Book Review: The Half Mother
Haleema and Ab Jaan are a family of two – a close unit of a father and daughter. With Haleema’s mom’s passing, Haleema is forced to drop out of school and help her father out. When she is of marriageable age, Ab Jaan marries her off to a doctor’s help, only to be divorced within three months. But then, the marriage yields her her love – Imran, a son who is obedient and a brilliant student. He steps up to help the family out when Haleema is inflicted with Bronchitis, yet manages to study well enough to score good marks. Just when Haleema is settled in her happy life, a nightmare strikes, first taking her father away and then taking her son away. Wrought with fear and sorrow, she starts searching for her son. She becomes decisive that she won’t rest till she finds her son and with tears of sorrow, she continues to search for her son all her life, never giving up. Will she find her son is what the plot is all about.
This book is a interesting read that brings into light the appalling state of mysterious disappearances that has been happening since the late 1980s in Kashmir. It was news to me to read about the atrocities being committed in Kashmir. Like most Indians, I have chosen a side that treated India – a saint but this book makes me question my choice. Kudos to the author to have brought this issue to the limelight.
Many things in this book are plainly endearing. The little songs Haleema sings for her son, the effortless blend of reality with fiction, the relationship of the trio – Haleema, Ab Jaan and Imraan etc. are a huge advantage for the book.
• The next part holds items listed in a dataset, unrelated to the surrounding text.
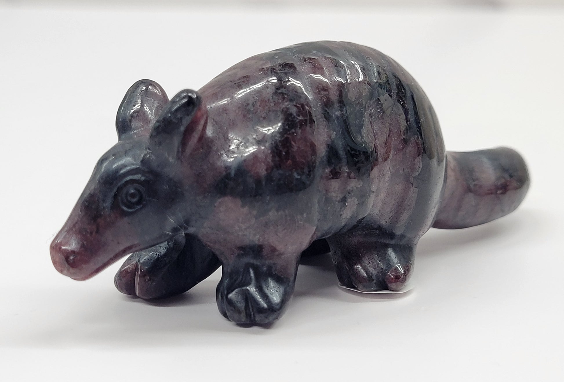 Armadillo carvings in a variety of materials. Each carving measures 3.9" x 1.3"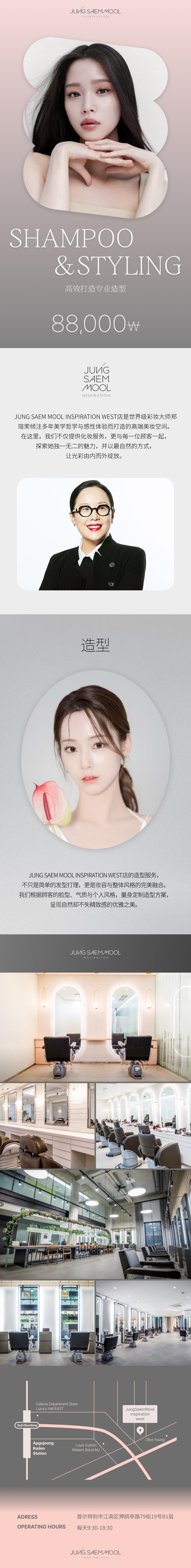 JUNG SAEM MOOL INSPIRATION West4.5(100+)shampoo & styling88,000 KRW重点速览 💖高效打造专业造型#女性装造发型Detail pageReviewView detail评价按最新发布欢迎留下你的使用体验,与更多用户一起分享暂无评价。JUNG SAEM MOOL INSPIRATION WestCLOSED首尔市 新沙站私密性韩国 首尔 江南区 狎鸥亭路79街 19号 B1层复制地址서울 강남구 압구정로79길 19 (청담동, 레인 에비뉴)复制地址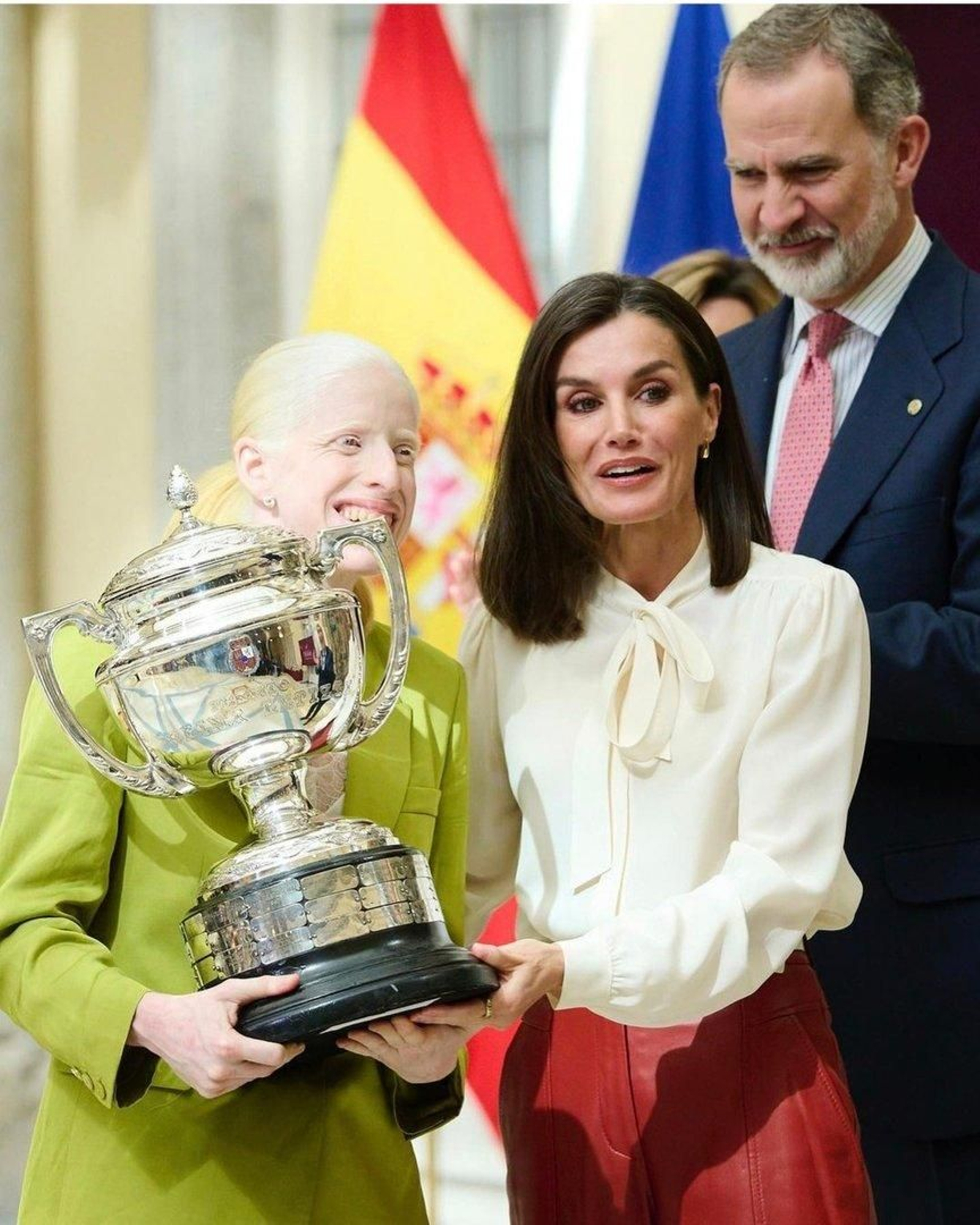 La que no se quita la sonrisa del rostro es nuestra campeonísima Susana Rodríguez Gacio. No es para menos, ya que no todos los días le dan a una el título de Premio Nacional del Deporte. Ahí les muestro a la paralímpica viguesa muy contenta recibiendo la copa de manos de la Reina Letizia ante la atenta mirada de Felipe VI ¡Enhorabuena!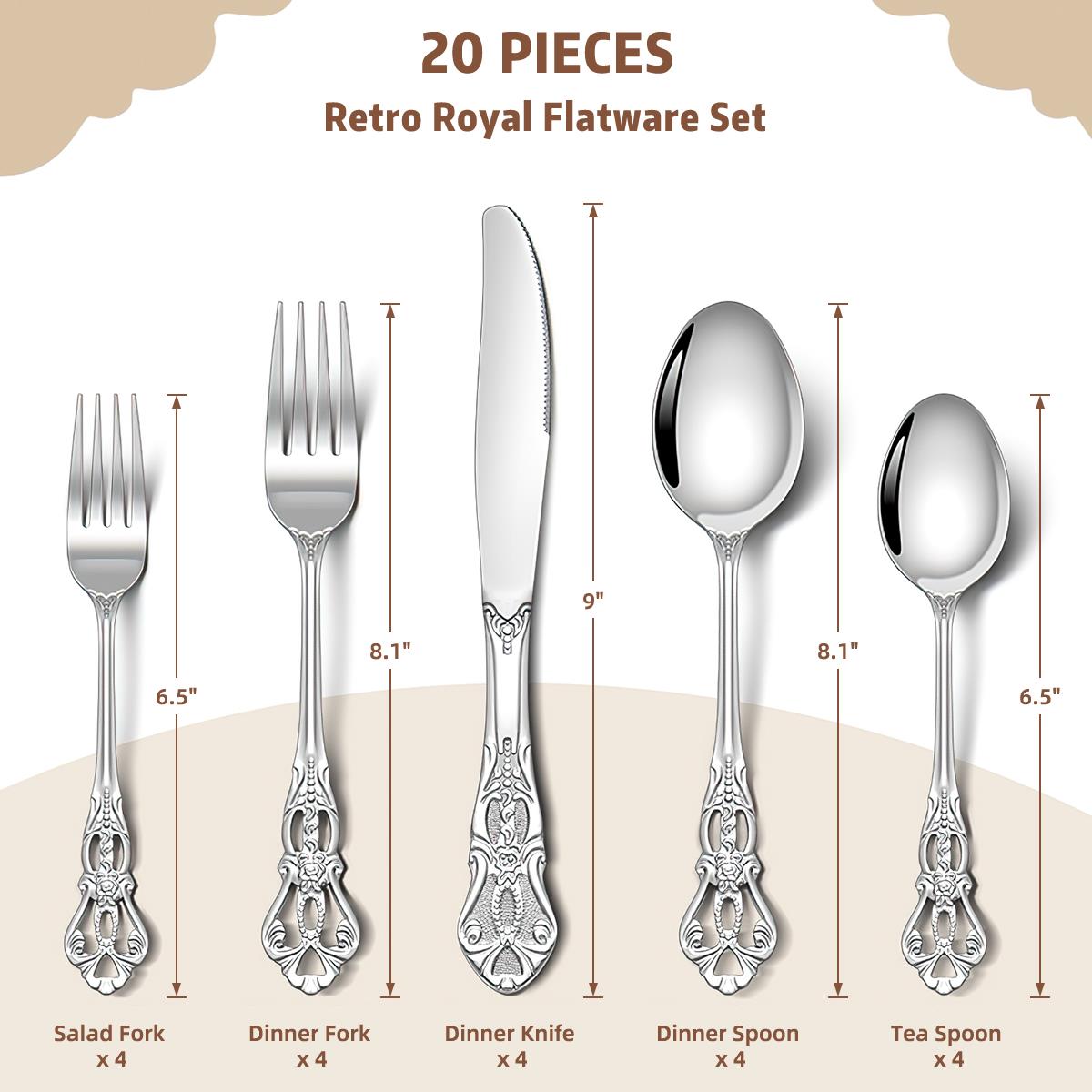 【20 Piece Vintage Silverware Set】-Flatware set includes 4 Dinner Forks, 4 Dinner Spoons, 4 Dinner Knives, 4 Tea Spoons, and 4 Salad Forks which is enough for 5 different place settings. Enhance your dining experience and allow you to enjoy the complete s…

The description of Haleema’s struggles for her son is truly heart wrenching and you seriously start wishing that at least now, after all the sufferings, she gets some happiness. The author writes seamlessly and effortlessly and the narration is simple yet it paints a picture of sorrow filled beauty. You read about Haleema and you reach the pain of not one but thousands of mothers’ suffering in the same manner. Another thing to appreciate is the author’s boldness in bringing out the harsh reality to his readers in a contrite yet mildly accusatory voice.
The only thing that didn’t work for me was that the story took an unexpected turn, not to my liking but that is truly no reason to judge a book. On the whole, this book is a definite read if you want a gleam of the deteriorating life in Kashmir.